Typical Dimensional Range of Common Large-Diameter Steel Pipes:
- Outer diameter: 114 mm – 1440 mm
- Wall thickness: 4 mm – 30 mm
- Length: Can be produced to customer-specified fixed lengths or variable lengths
Large-diameter steel pipes are widely used across energy, electronics, automotive, and light industry sectors. They are also employed as oil well pipes and oil pipelines in the petroleum industry, particularly for offshore oilfields, as well as in chemical coking equipment (oil heaters and condensers), coal distillation oil exchangers, trestle piles, mine roadway support pipes, and other applications.

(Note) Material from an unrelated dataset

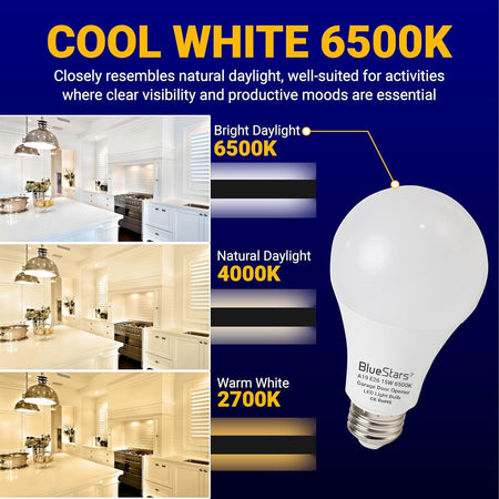 The BlueStars A19 E26 15W LED Bulb is compatible with E26/E27 American standard bases, making it suitable for most garage door openers and easily integrated into any E26/E27 lighting fixture. With 800 lumens of super bright lighting, it is ideal for:

Main Processing Methods for Large-Diameter Steel Pipes:
A. Forging
Forging is a pressure processing method that uses the reciprocal impact force of a forging hammer or the pressure of a press to shape the billet into the desired form and dimensions.
Production process for large-diameter forged pipes mainly includes the following seven core steps:
- Material preparation and inspection
High-quality steel ingots or continuous cast billets, such as 42CrMo4, AISI 4130, AISI 4145, 4330V, are selected according to the target performance. Chemical composition and internal defects are inspected. - Billet heating
Steel billets are sent to a heating furnace for staged temperature elevation. - Hot forging forming
Upsetting (Heading): Compressing the heated billet to reduce height, increase cross-section, and eliminate some casting defects.- Piercing: A mandrel pierces a central hole in the upset billet to form a hollow pipe billet.
- Mandrel expansion and elongation: The pipe billet wall is thinned and lengthened using methods such as rotary piercer expansion and mandrel drawing. Production methods include:
- Open-die forging: Typically uses 3000–5000-ton hydraulic presses, flexible for small-batch, single-piece production.
- Radial forging: Four symmetrically arranged hammers perform high-frequency, precise forging, enabling high-precision control, especially suitable for high-alloy steel pipes.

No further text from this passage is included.